A study published in the journal Cell Host & Microbe shows that SARS-CoV-2 is evolving in several genomic regions. Researchers from the United States discovered that adaptive evolution is predominantly driven by positively selected changes in the viral spike S1 subunit. This suggests that the virus may be susceptible to antigenic drift.
The original lineages of SARS-CoV-2 have almost totally been replaced by novel variations of concern (VOCs) and variants of interest as the coronavirus disease 2019 (COVID-19) pandemic has progressed (VOIs). These variations have developed with better fitness by gaining positively selected mutations across the viral genome, according to whole-genome sequencing studies. This is known as adaptive evolution, because the virus’s mutations make it more suited for its environment.

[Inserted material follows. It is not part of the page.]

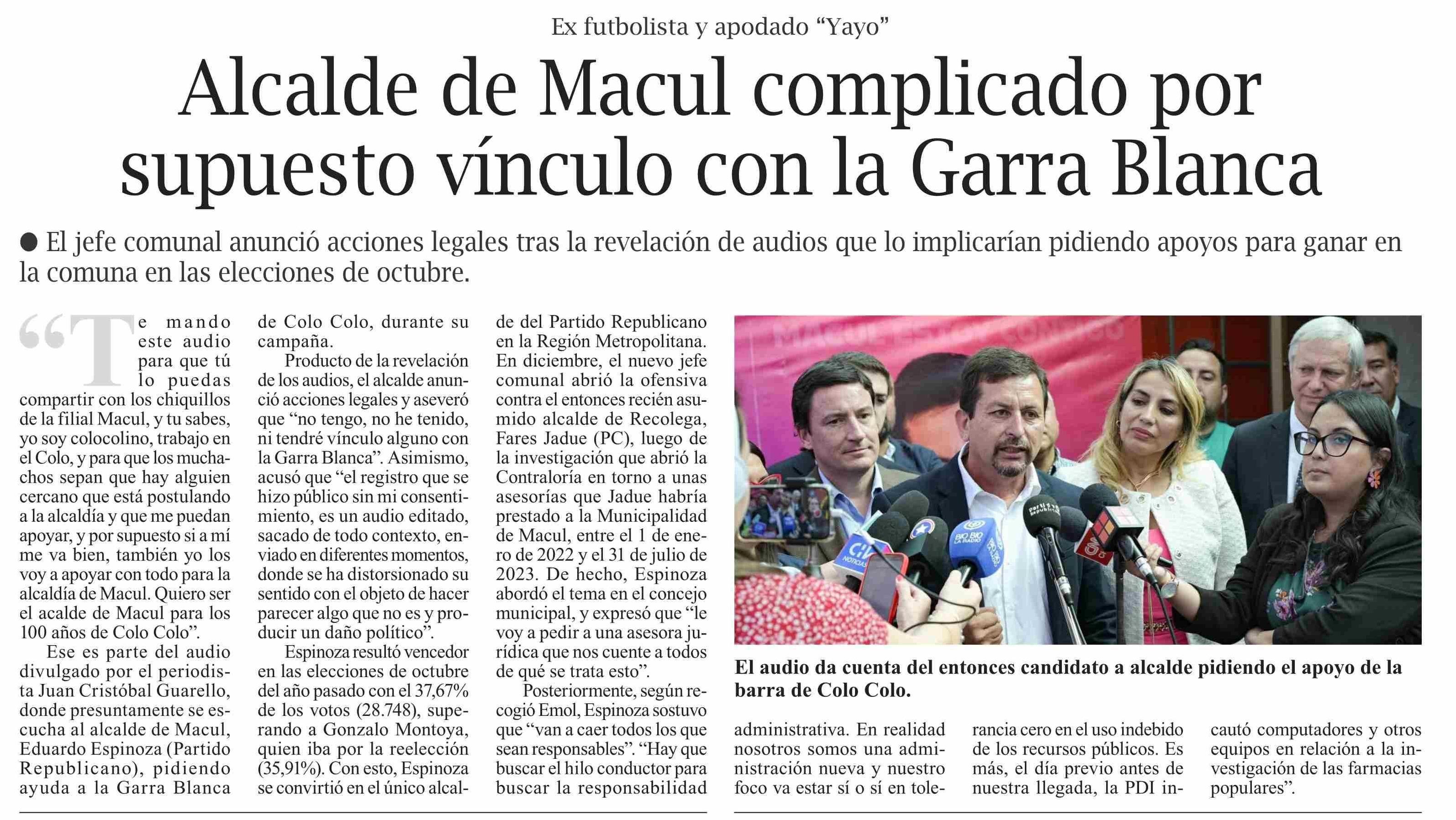 | Título: | Alcalde de Macul complicado por supuesto vínculo con la Garra Blanca |

During the continuous viral evolutionary process, more than 80% of mutations occur just once, according to the research. The bulk of alterations that arose more than four times were found in the spike S1 subunit. Three of these mutations (Spike:95I, Spike:452R, and ORF1a:3675-3677deletion) had the most significant effect on viral growth rate.
ORF1a:3675-3677deletion, which is responsible for the deletion of three amino acids in Nsp6, has been discovered eight times. Further research revealed that ORF1a:3675-3677deletion is linked to the accumulation of mutations in the spike S1 subunit. These findings suggest that the ORF1a:3675-3677deletion is an adaptive mutation that aids in SARS-CoV-2 evolution.

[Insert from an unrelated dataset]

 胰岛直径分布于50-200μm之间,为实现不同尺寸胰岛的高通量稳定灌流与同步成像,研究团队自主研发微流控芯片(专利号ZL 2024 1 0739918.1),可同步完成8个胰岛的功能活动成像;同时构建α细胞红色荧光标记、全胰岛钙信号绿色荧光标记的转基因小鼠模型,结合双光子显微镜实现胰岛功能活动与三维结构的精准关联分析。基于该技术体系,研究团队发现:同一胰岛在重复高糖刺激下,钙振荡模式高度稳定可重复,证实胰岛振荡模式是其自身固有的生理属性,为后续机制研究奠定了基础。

During the current COVID-19 epidemic, the study reveals the development of SARS-CoV-2. The findings suggest that adaptive evolution, rather than neutral evolution, is linked to better fitness of developing viral strains. In addition, the accumulation of nonsynonymous mutations in the spike S1 subunit has been identified as the fundamental driving mechanism for viral evolution. These findings lead the researchers to believe that, like the influenza virus, SARS-CoV-2 may experience antigenic drift.